(GIVEN DATA):
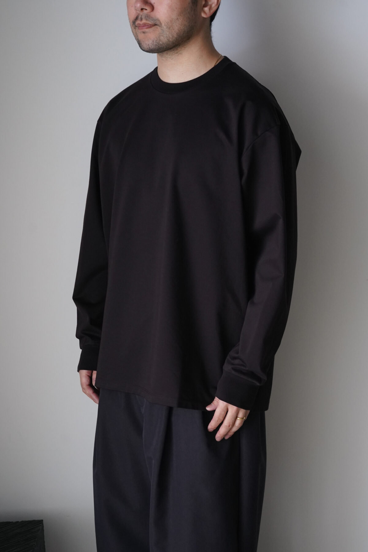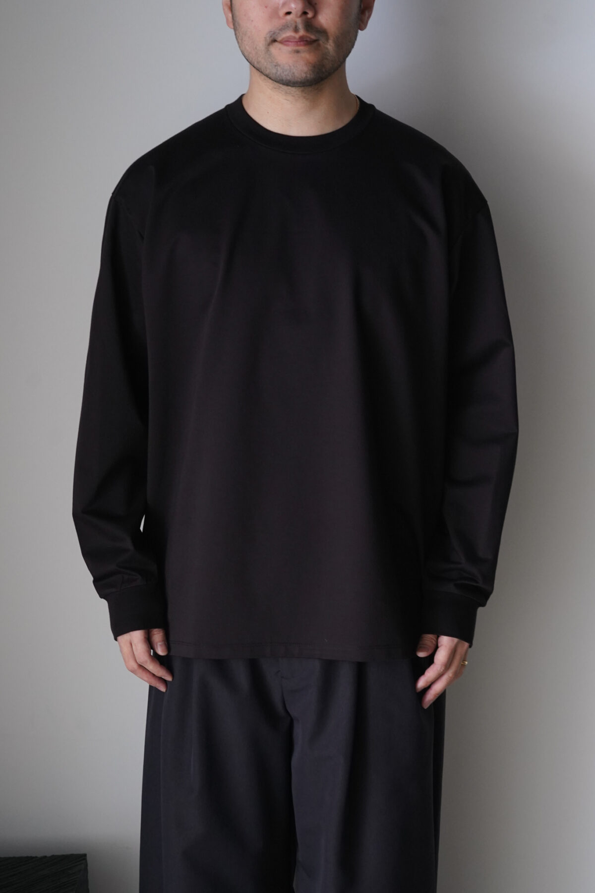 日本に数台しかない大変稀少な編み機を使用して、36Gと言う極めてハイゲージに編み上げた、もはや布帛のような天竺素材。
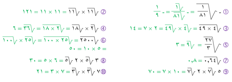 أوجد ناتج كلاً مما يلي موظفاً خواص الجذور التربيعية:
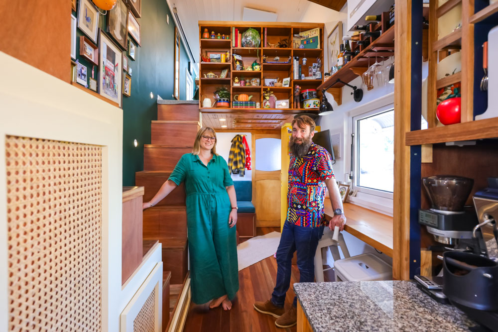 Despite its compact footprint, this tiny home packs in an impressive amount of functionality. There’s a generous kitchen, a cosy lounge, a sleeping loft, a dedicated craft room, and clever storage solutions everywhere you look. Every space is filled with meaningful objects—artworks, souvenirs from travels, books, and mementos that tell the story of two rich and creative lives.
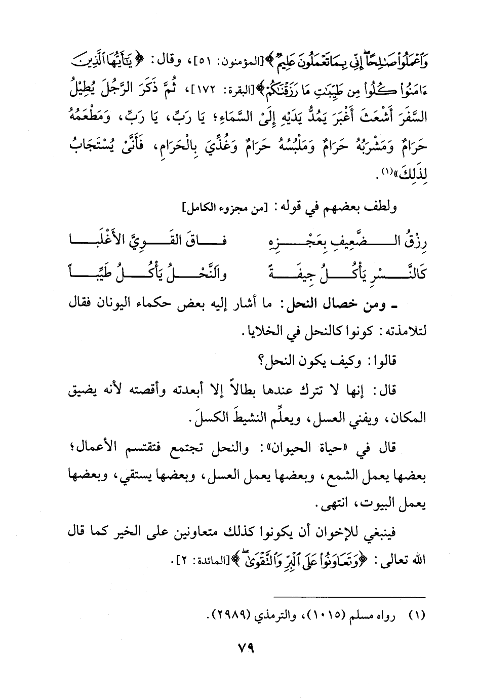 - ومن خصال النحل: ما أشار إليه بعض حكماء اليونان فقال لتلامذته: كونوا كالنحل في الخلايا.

* * *

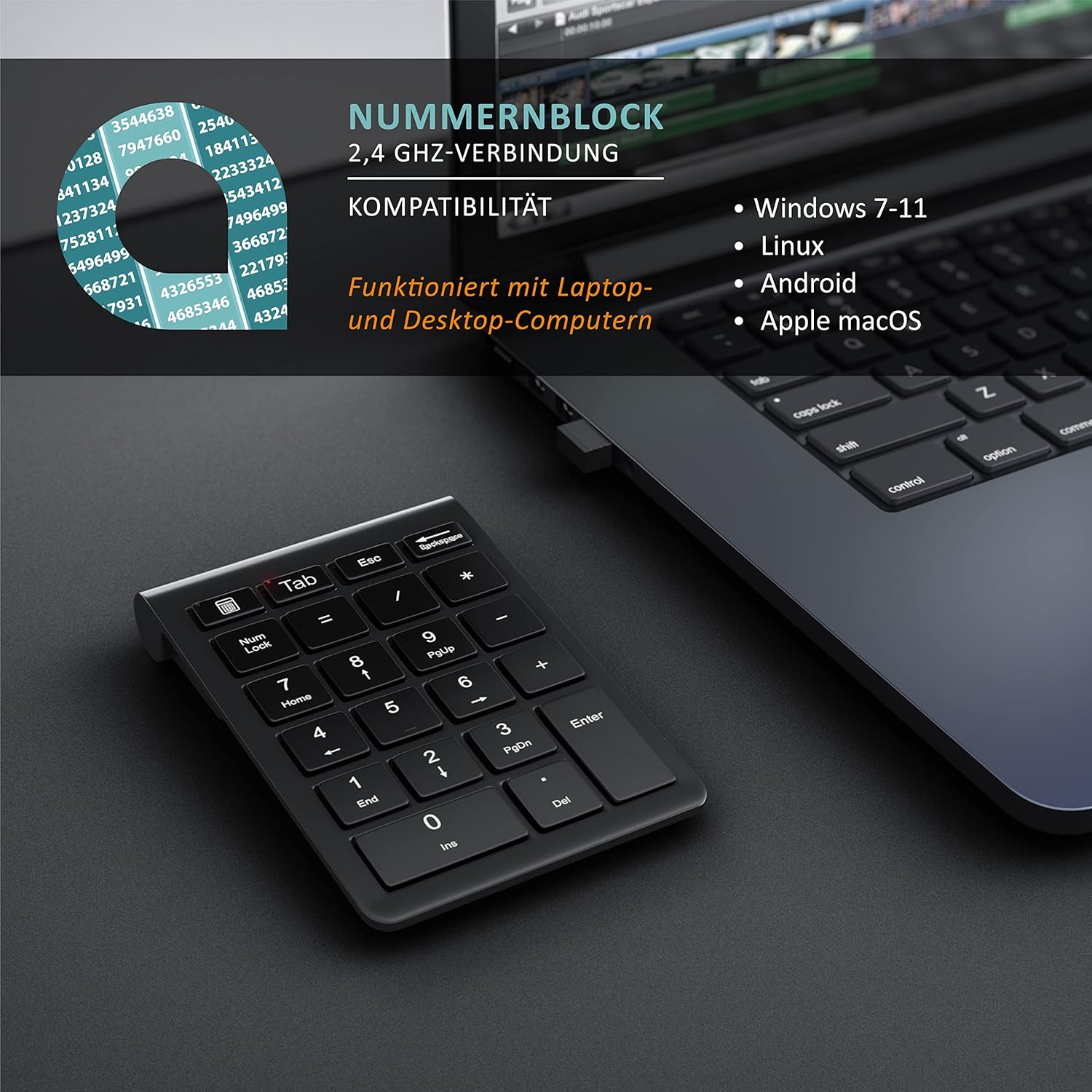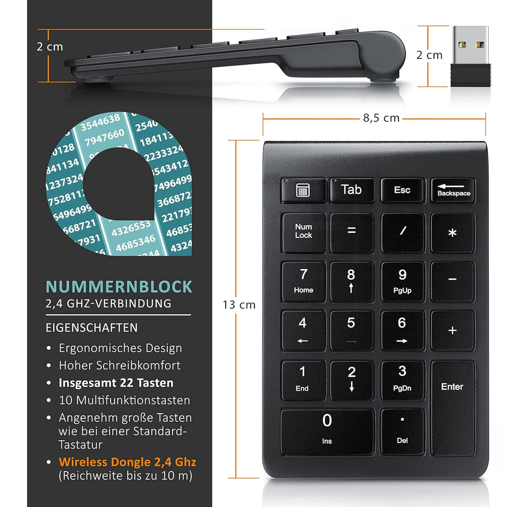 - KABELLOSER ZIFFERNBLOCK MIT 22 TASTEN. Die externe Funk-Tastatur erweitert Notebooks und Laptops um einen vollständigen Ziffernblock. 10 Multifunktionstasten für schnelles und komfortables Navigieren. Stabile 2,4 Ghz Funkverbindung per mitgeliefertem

...

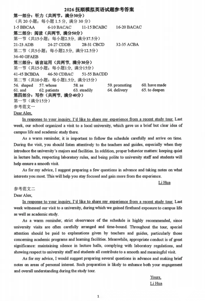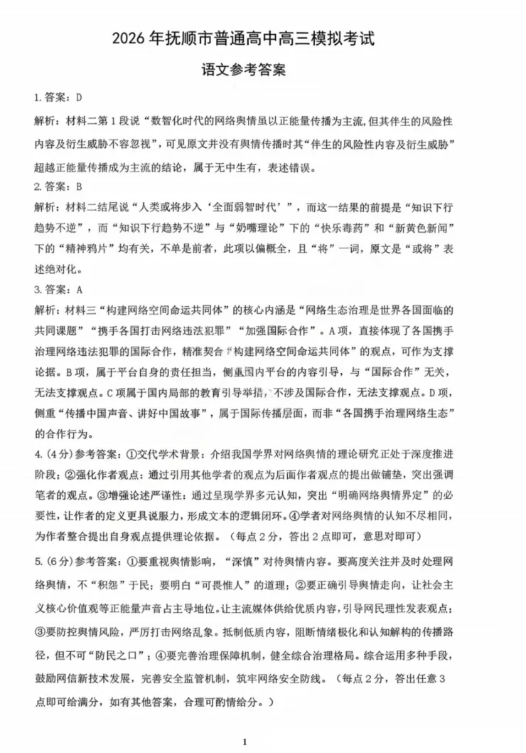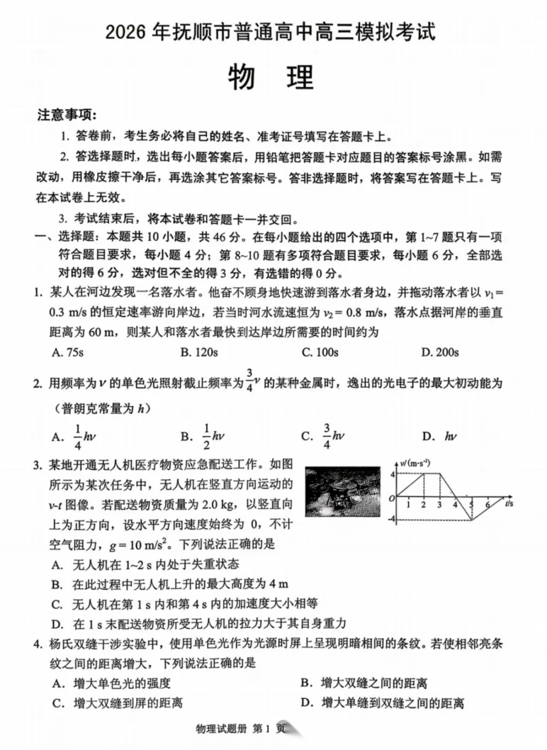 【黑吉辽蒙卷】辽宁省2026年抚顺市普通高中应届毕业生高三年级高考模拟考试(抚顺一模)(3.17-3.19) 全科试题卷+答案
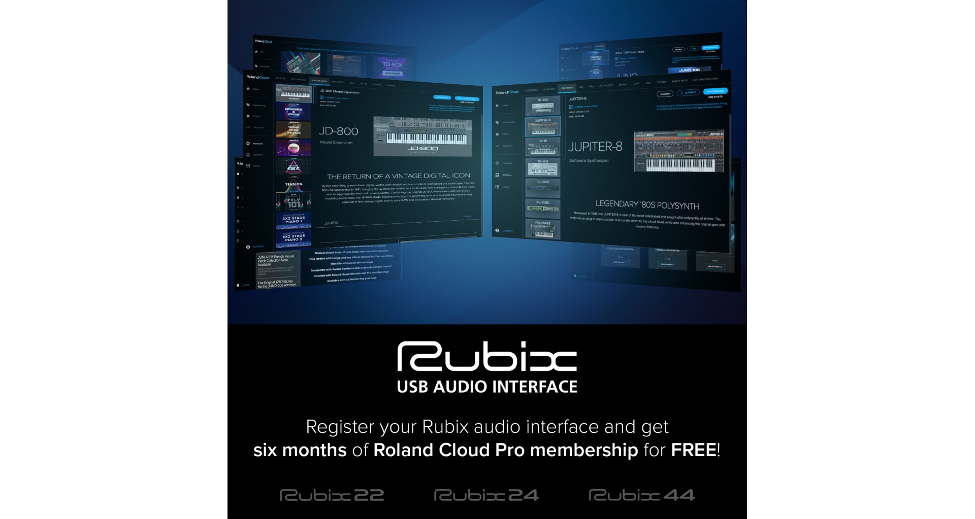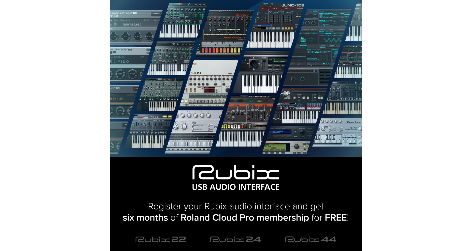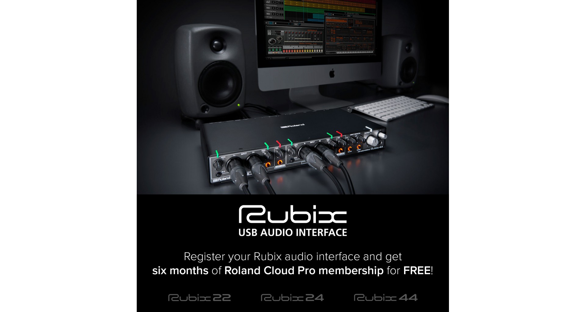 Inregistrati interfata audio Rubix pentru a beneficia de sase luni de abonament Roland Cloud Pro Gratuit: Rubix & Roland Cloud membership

(DIRECTIONS): Exact copy, pictures excluded: from the line with "أوجد ناتج كلاً" up to and including the line with "- ومن خصال النحل: ما" in the data above.

(THE COMPLETED TASK):
 أوجد ناتج كلاً مما يلي موظفاً خواص الجذور التربيعية:
 Despite its compact footprint, this tiny home packs in an impressive amount of functionality. There’s a generous kitchen, a cosy lounge, a sleeping loft, a dedicated craft room, and clever storage solutions everywhere you look. Every space is filled with meaningful objects—artworks, souvenirs from travels, books, and mementos that tell the story of two rich and creative lives.
 - ومن خصال النحل: ما أشار إليه بعض حكماء اليونان فقال لتلامذته: كونوا كالنحل في الخلايا.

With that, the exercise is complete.